Segment Open
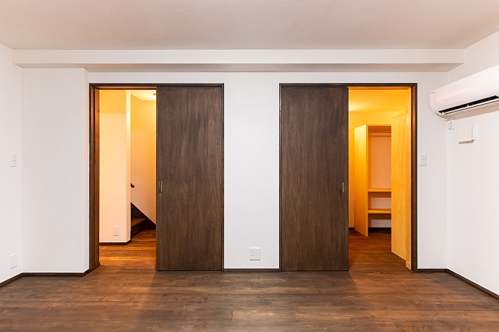 T様邸の地下に設けた主寝室。右側の引き戸の向こうはウォークインクローゼット。左側の引き戸の向こうは1階に上がる階段と納戸と階段下収納になっています
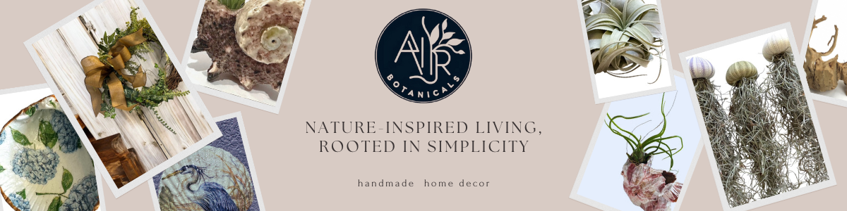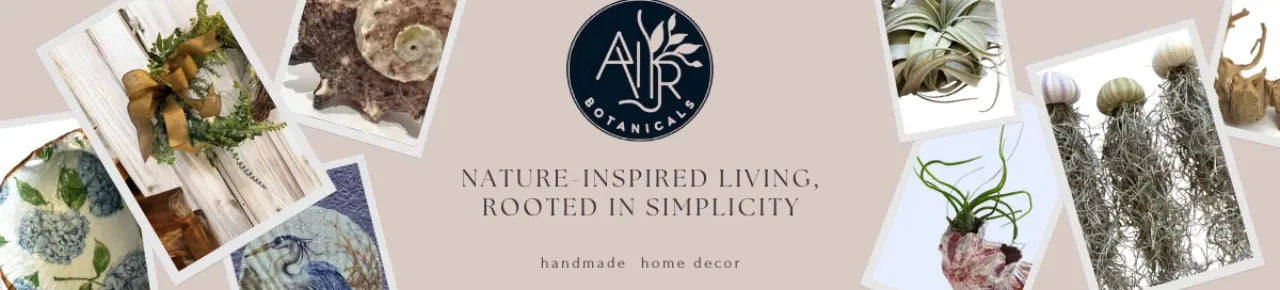 Our “botanical touch” began with air plants—our first love—and blossomed into a full craft shop inspired by nature’s forms, textures, and calming palette. We weave in organic motifs (hydrangeas, leaves, seagrass), coastal elements (shells, drift finds), and earthy finishes like jute and wood to create pieces that feel soft, grounded, and timeless. The result is décor that brings gentle garden-and-coast serenity into everyday spaces.
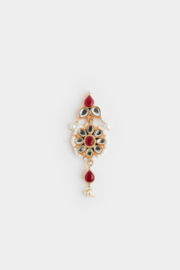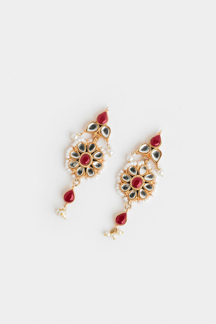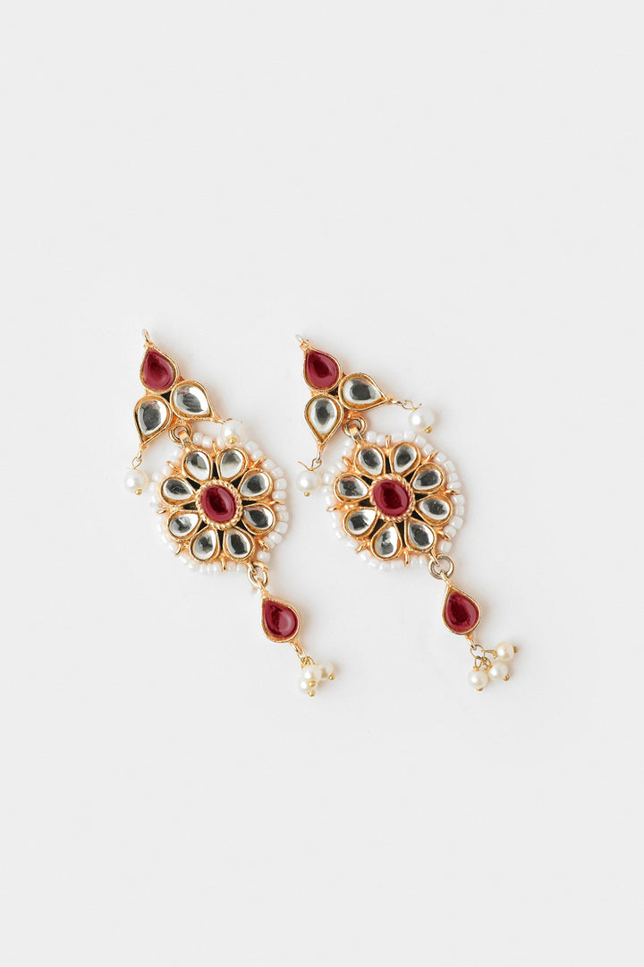 Style statement designs are portrayed on these exquisite earrings crafted with contemporary floral silhouettes in gold accents and embellished with dazzling stones and enhanced with burgundy shade. Style these classy earrings and embrace the gorgeous look this season.
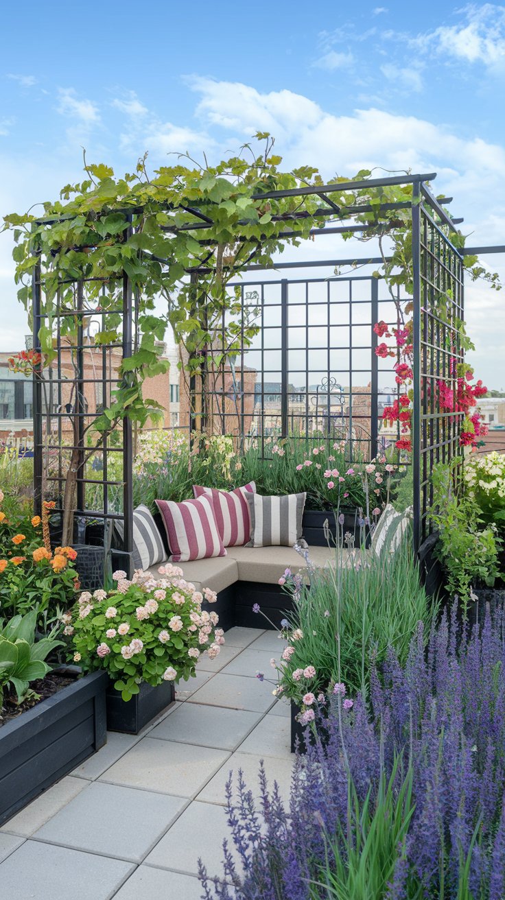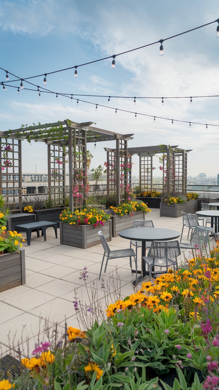 A spacious rooftop can become a social hub with trellises adorned with colorful flowers and multiple seating areas. Arrange benches, chairs, and tables to accommodate gatherings while surrounded by lush greenery and blooms.
Segment Closed
**What you should do:**
Reproduce the listing exactly. Leave its pictures out.

**Problem solution:**
 T様邸の地下に設けた主寝室。右側の引き戸の向こうはウォークインクローゼット。左側の引き戸の向こうは1階に上がる階段と納戸と階段下収納になっています
 Our “botanical touch” began with air plants—our first love—and blossomed into a full craft shop inspired by nature’s forms, textures, and calming palette. We weave in organic motifs (hydrangeas, leaves, seagrass), coastal elements (shells, drift finds), and earthy finishes like jute and wood to create pieces that feel soft, grounded, and timeless. The result is décor that brings gentle garden-and-coast serenity into everyday spaces.
 Style statement designs are portrayed on these exquisite earrings crafted with contemporary floral silhouettes in gold accents and embellished with dazzling stones and enhanced with burgundy shade. Style these classy earrings and embrace the gorgeous look this season.
 A spacious rooftop can become a social hub with trellises adorned with colorful flowers and multiple seating areas. Arrange benches, chairs, and tables to accommodate gatherings while surrounded by lush greenery and blooms.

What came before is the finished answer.